It is a well-known fact that tobacco is the #1 preventable cause of death in the world, and that cigarettes are the only product that, when used as directed, will kill half of those who buy it. The death toll is roughly six million people per year worldwide, with nearly half a million of them in the USA alone. As historian Robert N. Proctor repeatedly notes in his book Golden Holocaust, the merchants of death known as tobacco companies have not only designed the world's deadliest product (and most addictive drug) but willfully lied about its dangers while making it far more dangerous (and addictive) than it has to be. He actually makes an excellent case for banning cigarettes completely, and one cannot simply dismiss him as just another puritanical prohibitionist. For example, he points out that not only are cigarettes the deadliest artifact of human civilization, they are defective by design (killing more people than they need to), they are not particularly useful, and they are not environmentally sustainable. And unlike alcohol or cannabis, cigarettes are not a recreational drug since the vast majority of smokers want to quit. Clearly, we can agree that if alcohol, tobacco, and cannabis were all currently legal and we had to pick one of them to ban, tobacco would have to be it since it is the least useful and most harmful of the three.
While the TSAP believes that a (relatively) tobacco-free world would most likely be better overall than the one we live in now, we do not believe that a complete ban on the sale of cigarettes or other tobacco products is the best way to achieve such a goal, particularly in a country like the USA. Given our nation's bitter experience with alcohol Prohibition and the War on (some) Drugs, there would be many foreseeable unintended consequences (black markets, crime, etc.) with such an approach, albeit not quite as severe. Virtually all serious endgame proposals for tobacco involve a gradual phase-out of some sort, though there is some disagreement on the best way to do it and how to define "victory."

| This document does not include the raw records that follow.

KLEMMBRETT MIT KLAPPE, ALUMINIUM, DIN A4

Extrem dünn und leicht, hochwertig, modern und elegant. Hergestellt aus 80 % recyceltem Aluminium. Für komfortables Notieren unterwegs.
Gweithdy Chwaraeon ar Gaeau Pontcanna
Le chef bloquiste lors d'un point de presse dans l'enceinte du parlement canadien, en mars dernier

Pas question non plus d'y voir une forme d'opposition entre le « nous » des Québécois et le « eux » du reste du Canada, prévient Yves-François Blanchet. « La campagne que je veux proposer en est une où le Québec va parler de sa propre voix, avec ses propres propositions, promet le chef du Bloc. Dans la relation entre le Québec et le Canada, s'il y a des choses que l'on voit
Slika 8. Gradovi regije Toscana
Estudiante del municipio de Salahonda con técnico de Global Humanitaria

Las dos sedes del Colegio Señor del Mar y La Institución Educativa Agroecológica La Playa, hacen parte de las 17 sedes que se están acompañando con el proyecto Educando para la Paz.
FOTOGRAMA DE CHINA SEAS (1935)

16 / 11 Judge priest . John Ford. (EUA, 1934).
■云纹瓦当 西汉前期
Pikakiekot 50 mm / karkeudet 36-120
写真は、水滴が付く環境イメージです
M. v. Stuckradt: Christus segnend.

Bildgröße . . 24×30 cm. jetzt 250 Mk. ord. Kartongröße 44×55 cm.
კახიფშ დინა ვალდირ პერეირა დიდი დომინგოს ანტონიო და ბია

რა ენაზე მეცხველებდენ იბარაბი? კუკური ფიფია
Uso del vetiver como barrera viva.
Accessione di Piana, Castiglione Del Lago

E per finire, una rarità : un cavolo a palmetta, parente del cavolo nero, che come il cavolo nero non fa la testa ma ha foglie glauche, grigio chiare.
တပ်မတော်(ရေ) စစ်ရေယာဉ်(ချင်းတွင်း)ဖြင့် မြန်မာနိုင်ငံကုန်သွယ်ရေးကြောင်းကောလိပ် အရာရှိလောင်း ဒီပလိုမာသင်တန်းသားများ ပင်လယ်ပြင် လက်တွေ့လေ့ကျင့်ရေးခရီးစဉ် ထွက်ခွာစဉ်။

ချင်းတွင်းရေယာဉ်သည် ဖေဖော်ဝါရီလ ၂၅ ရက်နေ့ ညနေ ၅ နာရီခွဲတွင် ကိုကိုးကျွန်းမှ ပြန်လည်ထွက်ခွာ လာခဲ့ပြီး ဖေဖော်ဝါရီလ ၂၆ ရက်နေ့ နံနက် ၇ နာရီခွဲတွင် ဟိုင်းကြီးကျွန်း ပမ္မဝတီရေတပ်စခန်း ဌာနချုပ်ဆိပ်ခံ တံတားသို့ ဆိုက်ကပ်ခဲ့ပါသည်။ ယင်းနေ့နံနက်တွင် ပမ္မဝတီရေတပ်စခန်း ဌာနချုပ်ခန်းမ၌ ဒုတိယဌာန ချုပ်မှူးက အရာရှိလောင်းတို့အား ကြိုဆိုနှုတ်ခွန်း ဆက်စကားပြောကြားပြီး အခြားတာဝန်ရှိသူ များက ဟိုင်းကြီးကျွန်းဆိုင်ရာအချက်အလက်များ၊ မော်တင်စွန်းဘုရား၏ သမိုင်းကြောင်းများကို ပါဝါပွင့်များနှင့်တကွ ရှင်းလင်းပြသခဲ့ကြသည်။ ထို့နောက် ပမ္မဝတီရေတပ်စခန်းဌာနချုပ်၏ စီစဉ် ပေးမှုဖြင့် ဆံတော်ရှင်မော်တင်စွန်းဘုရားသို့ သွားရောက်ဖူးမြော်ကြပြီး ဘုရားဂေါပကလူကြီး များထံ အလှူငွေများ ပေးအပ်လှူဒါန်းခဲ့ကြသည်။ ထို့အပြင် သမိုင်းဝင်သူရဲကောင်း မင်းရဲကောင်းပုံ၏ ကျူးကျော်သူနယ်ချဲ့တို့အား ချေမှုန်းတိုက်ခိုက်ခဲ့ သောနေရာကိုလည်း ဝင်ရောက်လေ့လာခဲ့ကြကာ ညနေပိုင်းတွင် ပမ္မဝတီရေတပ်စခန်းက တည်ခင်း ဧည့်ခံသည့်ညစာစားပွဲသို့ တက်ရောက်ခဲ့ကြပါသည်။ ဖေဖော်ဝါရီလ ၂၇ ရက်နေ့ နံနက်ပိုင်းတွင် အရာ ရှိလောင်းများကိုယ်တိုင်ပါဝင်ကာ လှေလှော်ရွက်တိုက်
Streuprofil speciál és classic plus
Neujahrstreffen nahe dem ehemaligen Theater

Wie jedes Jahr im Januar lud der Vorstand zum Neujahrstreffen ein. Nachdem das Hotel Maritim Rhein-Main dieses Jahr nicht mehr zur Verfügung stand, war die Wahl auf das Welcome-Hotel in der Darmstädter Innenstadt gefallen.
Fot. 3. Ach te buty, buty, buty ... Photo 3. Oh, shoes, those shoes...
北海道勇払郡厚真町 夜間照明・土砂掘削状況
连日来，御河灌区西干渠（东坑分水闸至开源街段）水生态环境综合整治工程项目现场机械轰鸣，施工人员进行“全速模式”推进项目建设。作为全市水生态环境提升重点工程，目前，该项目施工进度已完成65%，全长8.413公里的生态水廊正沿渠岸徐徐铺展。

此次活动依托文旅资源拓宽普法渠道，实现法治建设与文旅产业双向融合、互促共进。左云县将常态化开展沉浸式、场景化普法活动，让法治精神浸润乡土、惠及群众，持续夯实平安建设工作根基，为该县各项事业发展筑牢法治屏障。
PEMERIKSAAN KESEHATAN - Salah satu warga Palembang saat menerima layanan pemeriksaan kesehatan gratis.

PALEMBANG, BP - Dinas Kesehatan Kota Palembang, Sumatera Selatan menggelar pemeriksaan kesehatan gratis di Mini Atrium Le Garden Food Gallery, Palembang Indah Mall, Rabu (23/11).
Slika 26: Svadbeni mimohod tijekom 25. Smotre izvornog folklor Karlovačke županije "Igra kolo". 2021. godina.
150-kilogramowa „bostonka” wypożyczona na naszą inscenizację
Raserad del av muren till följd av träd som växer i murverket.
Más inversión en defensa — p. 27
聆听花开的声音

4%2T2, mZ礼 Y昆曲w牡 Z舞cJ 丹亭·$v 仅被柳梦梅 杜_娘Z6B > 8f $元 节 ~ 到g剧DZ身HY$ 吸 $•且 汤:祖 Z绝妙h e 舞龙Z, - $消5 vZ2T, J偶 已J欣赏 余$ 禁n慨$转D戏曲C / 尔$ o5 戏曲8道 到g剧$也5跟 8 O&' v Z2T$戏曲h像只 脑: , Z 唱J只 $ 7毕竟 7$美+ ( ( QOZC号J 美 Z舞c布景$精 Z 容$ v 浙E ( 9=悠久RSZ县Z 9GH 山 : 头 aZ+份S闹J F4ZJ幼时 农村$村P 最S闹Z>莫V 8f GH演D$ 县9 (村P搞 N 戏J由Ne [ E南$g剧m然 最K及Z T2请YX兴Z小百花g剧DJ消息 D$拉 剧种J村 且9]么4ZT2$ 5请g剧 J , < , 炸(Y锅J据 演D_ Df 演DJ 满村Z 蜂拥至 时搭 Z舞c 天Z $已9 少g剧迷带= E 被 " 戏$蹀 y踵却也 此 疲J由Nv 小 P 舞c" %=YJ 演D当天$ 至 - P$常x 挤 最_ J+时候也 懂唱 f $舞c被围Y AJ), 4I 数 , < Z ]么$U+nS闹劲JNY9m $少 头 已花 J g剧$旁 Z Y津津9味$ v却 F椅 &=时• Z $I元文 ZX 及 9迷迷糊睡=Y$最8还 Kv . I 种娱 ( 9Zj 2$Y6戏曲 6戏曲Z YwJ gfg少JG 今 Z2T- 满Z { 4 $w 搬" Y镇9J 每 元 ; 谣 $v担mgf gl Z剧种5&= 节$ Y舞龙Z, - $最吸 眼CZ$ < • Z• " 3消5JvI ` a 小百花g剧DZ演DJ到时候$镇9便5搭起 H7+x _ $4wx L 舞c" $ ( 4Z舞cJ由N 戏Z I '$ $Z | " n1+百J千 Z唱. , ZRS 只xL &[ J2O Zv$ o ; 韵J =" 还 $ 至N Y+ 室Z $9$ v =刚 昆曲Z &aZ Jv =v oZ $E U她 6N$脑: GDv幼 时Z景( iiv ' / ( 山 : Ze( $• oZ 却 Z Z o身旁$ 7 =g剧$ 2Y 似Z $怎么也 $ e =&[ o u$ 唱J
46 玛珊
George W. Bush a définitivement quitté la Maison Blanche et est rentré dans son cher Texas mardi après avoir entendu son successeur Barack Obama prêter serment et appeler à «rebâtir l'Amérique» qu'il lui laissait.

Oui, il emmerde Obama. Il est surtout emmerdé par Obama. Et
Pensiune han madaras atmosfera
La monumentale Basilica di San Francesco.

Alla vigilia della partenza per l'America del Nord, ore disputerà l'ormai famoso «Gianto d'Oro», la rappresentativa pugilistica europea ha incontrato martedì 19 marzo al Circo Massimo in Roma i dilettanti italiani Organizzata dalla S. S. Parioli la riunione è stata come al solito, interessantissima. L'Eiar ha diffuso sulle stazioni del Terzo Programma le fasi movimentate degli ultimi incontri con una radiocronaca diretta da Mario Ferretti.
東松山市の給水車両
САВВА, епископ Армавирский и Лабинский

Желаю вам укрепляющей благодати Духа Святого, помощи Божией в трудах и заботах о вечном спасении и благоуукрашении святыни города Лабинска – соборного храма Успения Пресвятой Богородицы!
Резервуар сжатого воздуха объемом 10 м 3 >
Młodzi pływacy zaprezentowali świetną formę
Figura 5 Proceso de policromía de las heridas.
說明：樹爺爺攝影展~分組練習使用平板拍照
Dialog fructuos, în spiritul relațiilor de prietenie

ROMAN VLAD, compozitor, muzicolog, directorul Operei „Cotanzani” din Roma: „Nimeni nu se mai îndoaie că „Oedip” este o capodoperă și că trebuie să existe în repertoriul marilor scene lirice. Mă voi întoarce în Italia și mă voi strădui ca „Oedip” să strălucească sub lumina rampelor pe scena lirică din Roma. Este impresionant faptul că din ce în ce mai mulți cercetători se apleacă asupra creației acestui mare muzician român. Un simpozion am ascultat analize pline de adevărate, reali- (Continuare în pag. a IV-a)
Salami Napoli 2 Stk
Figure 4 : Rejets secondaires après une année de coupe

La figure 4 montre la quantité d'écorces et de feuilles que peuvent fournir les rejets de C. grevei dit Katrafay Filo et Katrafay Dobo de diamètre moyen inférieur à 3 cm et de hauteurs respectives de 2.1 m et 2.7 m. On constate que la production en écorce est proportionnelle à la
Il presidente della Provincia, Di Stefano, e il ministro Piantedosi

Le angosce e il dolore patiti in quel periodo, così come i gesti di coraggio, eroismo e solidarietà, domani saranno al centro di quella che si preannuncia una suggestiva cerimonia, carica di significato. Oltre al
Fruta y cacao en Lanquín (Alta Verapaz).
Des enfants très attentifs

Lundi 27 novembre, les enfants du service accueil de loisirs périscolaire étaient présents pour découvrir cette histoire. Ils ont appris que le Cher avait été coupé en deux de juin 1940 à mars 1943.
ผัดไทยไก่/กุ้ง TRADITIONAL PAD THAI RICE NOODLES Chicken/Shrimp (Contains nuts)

As of 2013, the endgame strategy that the TSAP currently supports is to let tobacco phase itself out by gradually reducing the nicotine content of cigarettes to a (relatively) non-addictive level. Since 2009, the FDA now has the authority to set a legal limit on the nicotine content of tobacco products, as long as the limit is not zero. Much research indicates that there is a threshold level of nicotine required to create and sustain addiction, and if all cigarettes were to fall below this threshold, smoking rates would plummet precipitously. In fact, one tobacco executive was quoted as saying, "‘If our product was not addictive we would not sell a cigarette next week." This idea was originally proposed by Henningfield and Benowitz in 1994, and has been endorsed by the American Medical Association and several other experts including Proctor himself. Malcolm Gladwell also discussed it in his aptly-titled 2000 book The Tipping Point. Thus, the TSAP recommends reducing the maximum nicotine content (not delivery) of cigarettes from the current level of 1-2% to less than 0.1% within 5 years, and doing the same for quasi-cigarettes (i.e. little cigars) and roll-your-own tobacco. That alone would reduce smoking prevalence by as much as 80% within a fairly short timeframe, with further reductions possible in the more distant future.
The TSAP also recommends the following measures be taken as well:
- Ban the use of additives in cigarettes, especially those that are harmful or increase the addictiveness of tobacco.
- Ban the use of any radioactive fertilizers or harmful pesticides for growing tobacco.
- Improve the quality control standards for tobacco products to be at least as high as for food.
- End all government subsidies for tobacco farming and production.
- Divest completely from Big Tobacco at all levels of government.
- Vigorously enforce the current age limit of 18 for tobacco sales to achieve 100% retailer compliance.
- Continue to allow widespread availability of reduced-harm tobacco and nicotine products (i.e. snus, electronic cigarettes, etc.) so that smokers can easily switch to less dangerous alternatives.
- Improve education and smoking cessation programs, funded by tobacco tax revenues.
- Give out free nicotine patches, gum, etc. to any smokers who want to quit. NYC already does this.
So that is basically the TSAP tobacco policy as of 2013. Except for our new endgame strategy, our views on tobacco-related issues have really not changed significantly since our founding in 2009.
The tobacco industry has dug its own grave. Time to push them in there.